I daresay you’ve often seen the Man in the Moon – at all events, you ought to have. Perhaps you mayn’t have; if so, this is what the Princess saw.

He was a very old man, and looked very much as if he was in his second childhood, and he carried an enormous lanthorn, which made him even more bent than he might have been if he had not carried it so often. On his shoulders he carried a bundle of thorns, which appeared to prick him and cause him a good deal of uneasiness generally; and besides this he had an ugly little dog by his side, which made continual attacks on Wopole’s shins, and it made such a noise with its barking that the old man in a temper aimed a vicious kick at it; but he missed his mark, and the weight of the lanthorn overbalancing him he sat down rather suddenly, and during the rest of the evening he remained there.

But the conversation proceeded just as if nothing in particular had happened.

‘Being the Man in the Moon, perhaps you would be so kind as to direct me to the place where the Misses Parker reside?’ Wopole said.

‘That I won’t,’ said the Man. ‘Why should I?’

‘I thought that you might be so good as to direct me, and I had intended presenting you with a loaf of bread. However, that does not matter. Good-day. I daresay I shall find the house by myself,’ and Wopole made preparations for getting over the side of the vessel.
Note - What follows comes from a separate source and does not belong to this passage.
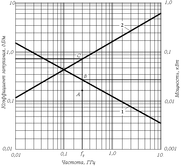 На рис. 10 для примера представлен график частотных зависимостей предельно допустимой мощности Рko = Рko(f) и коэффициента затухания на единицу длины = (f) [дБ/м] радиочастотного кабеля РК 50-2-12 ГОСТ 11326.64-79. На этом графике указанны значения мощности генератора Рг(fг) (точка A) и предельно допустимой мощности Рko = Рko(fг), передаваемой кабелем в согласованном режиме (при k = 1) (точка B).
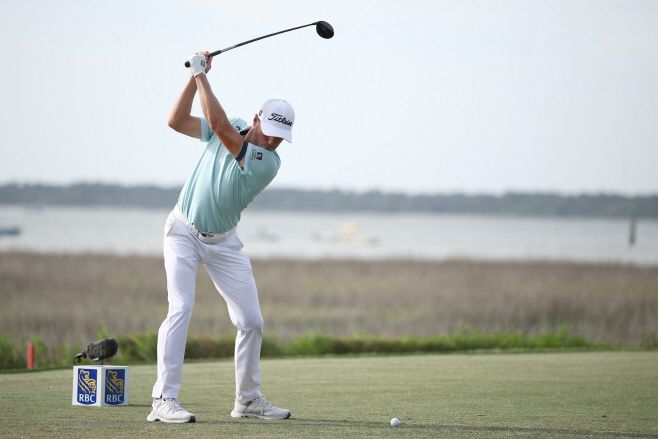 <저스틴 토머스가 PGA 투어 RBC 헤리티지에서 타이틀리스트 드라이버로 티샷을 날리고 있다. /AFP 연합뉴스 |

But the Man no sooner heard the word ‘bread’ than he became very eager to help him on the way.

‘Oh, wait a minute,’ he said; and Wopole accordingly waited.

‘If you’ll give me two loaves I’ll show you,’ he went on.

‘I’ll give you one now, and the other when I have paid my visit and am safely back on the ship.’

‘Well, that’ll do. Give me the one, and I’ll show you at once.’

So Wopole went to the hatch which covered the pantry and took out a large loaf, which he handed to the old Man.

‘Now trot,’ he said; and the Man hurried to the side of the vessel and scrambled down as well as he could, followed by Wopole and the Princess.

It was curious how bright it was when they got over the side; for although it was past nine o’clock p. m. by the Princess’s watch, the ground itself seemed to shoot out light, and what was still more funny, they threw no shadows, although that was easily explained; for as the moon itself provided the light, it would be rather difficult to throw a shadow on the moon.

They plodded on for some time in silence; but although the old Man hobbled very much he managed to get along very fast, almost too fast for the Princess, for the walking was very heavy.